I haven’t had much to say, and I’m feeling pretty down today. I’m not ever sure if it’s physical or mental, but I did get my first shingles shot yesterday. My arm hurts and I’m tired. Waaa.
Last night, I didn’t sleep well. Don’t know if it was the shot or what. I kept tossing and turning with bad dreams, throwing the covers off because I got hot every half hour, and every time I rolled over on my arm, it hurt enough to wake me up. (More waaa.)
This morning, I worked on one of my new paintings (the self-portrait), and after standing at my drafting table for almost two hours, I started to feel blech. Tired, bored, out of it, and stuck. I suppose I can take another crack at it later. I also have the bigger one of my parents that needs to get going, which is still sitting on my easel. I mean, I have many paintings to do, but at least these two ahave been started.

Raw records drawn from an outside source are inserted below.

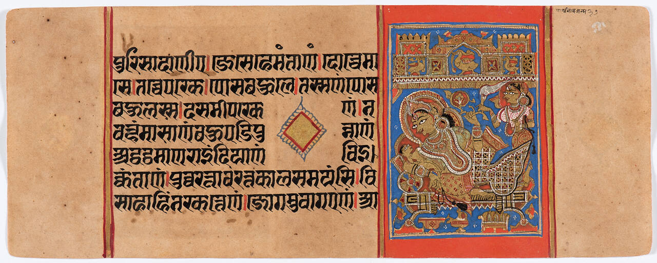 Jain Manuscript of the Kalpasutra and Kalakacavyakatha: recto; painting of Parshva's Birth, verso; painting of Shakra (Indra) lustrates Parshva on Mt. Meru
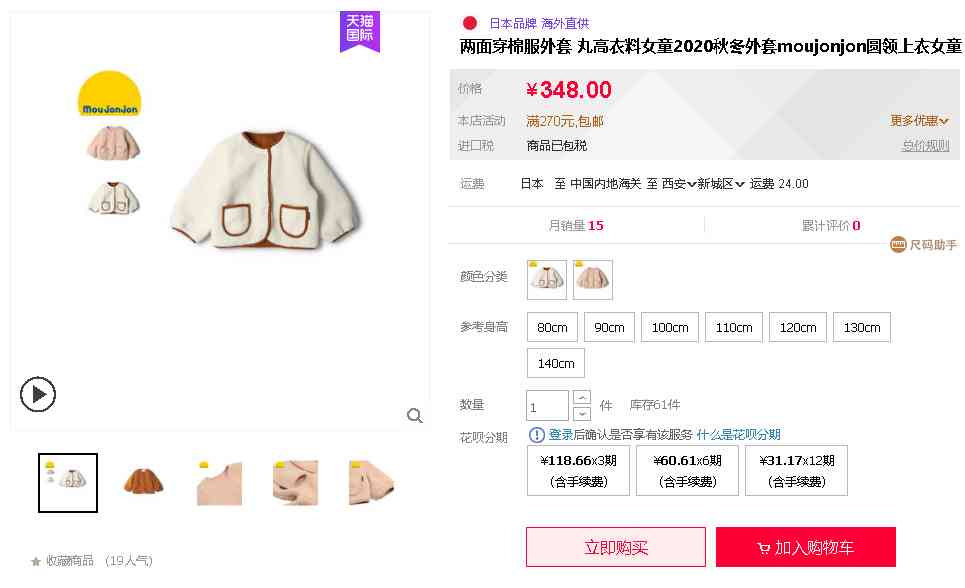 還有這件星星斗篷(嬰童款),也是日本制的,只要三百多,搭配2件打底衣服湊個(gè)600元,就能打8折,還減80(滿減60+粉絲專享券20),折算下來(lái)只要兩百多!哪里能買(mǎi)到 200多的日本制??!
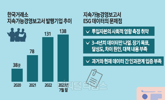 한국거래소 통계 포털을 보면 코스피 상장사 중 보고서를 발행한 기업은 2020년 38곳, 2021년 78곳, 지난해 131곳에서 올해 7월 말 현재 138곳으로 2년새 급증했다. 최근 국제회계기준(IFRS)의 국제지속가능성기준위원회(ISSB), 유럽연합(EU)의 기업 지속가능성 보고 지침(CSRD), 미국 증권거래위원회(SEC) 기후공시 의무화 등 세계적으로 ESG 정보공시 규제에 대한 도입이 본격화하고 있기 때문이다.

I want the self-portrait to be super thick with oil paint. I always paint thick, but I want it even thicker than my normal thick. And while I’m contemplating these two, I”ve had another one on my mind that isn’t even sketched yet. I’m a little overwhelmed by what all needs to get done still. Maybe I should just start drawing out the one I keep thinking about and skip the one of my parents for a bit.
It comes from a photo of my brother and me when we were kids, sitting on the front lawn after playing a game of catch. I’m excited to work on the grass for this painting, which makes me want to get it on the panel as soon as possible. But the grass part would be the last thing painted. So, it’s going to be a while before I can get to that fun part.

I finished Golden Child, which is a relief. It went pretty quickly because there weren’t any super big details. It went much faster than the rest of these recent paintings.

I did talk to the director at Stellarhighway, and if he doesn’t sell those three pieces that are part of this series, I can for sure get them back in time for my spring show. But I also don’t want to have hopes that they won’t sell. That would be dumb, right? It would be great if they sell. I have a feeling none of them will, though, but maybe one will.
I already sold my first one (She Rose From the Bed) to a big collector of mine, Beth DeWoody (I don’t usually toot my horn, or even mention when I sell work), but it’s the second painting she’s purchased over the last few years: the first on this series I’m working on now, and an abstract from my 2019 show.


I’m lucky and have to thank Craig Krull for it. He sold both of them. I do still wish I could use She Rose from the Bed for my show, but I don’t want to ask for that. Seems, like a lot to ask, and it wouldn’t be for sale. I’ve just had dreams of showing the entire series at once. I won’t get to do that. Oh well. Just have to make as many as possible.
Also, I was thinking about displaying all the original photos next to each of the paintings. It’s just a thought, but it actually kinda scares me, too. I don’t want people making technical comparisons. That seems unavoidable if I display the show this way, but it’s also a neat idea. I have to think more about that.
There’s one little painting that I made a long time ago in watercolor and gouache on a Thomas Bros. map page, and I’m going to redo it in oil on panel. It’s this one:

I’ve also been thinking about a title for me show (I have lots and lots of time to do that, of course) — whether I’m just going to call it “Discarded Snapshots,” or something else.
Ayin….I felt this same after that shot too. Thankfully the YUCKS from that will pass. And then………..Onward to being an artist! The world needs you more now than ever!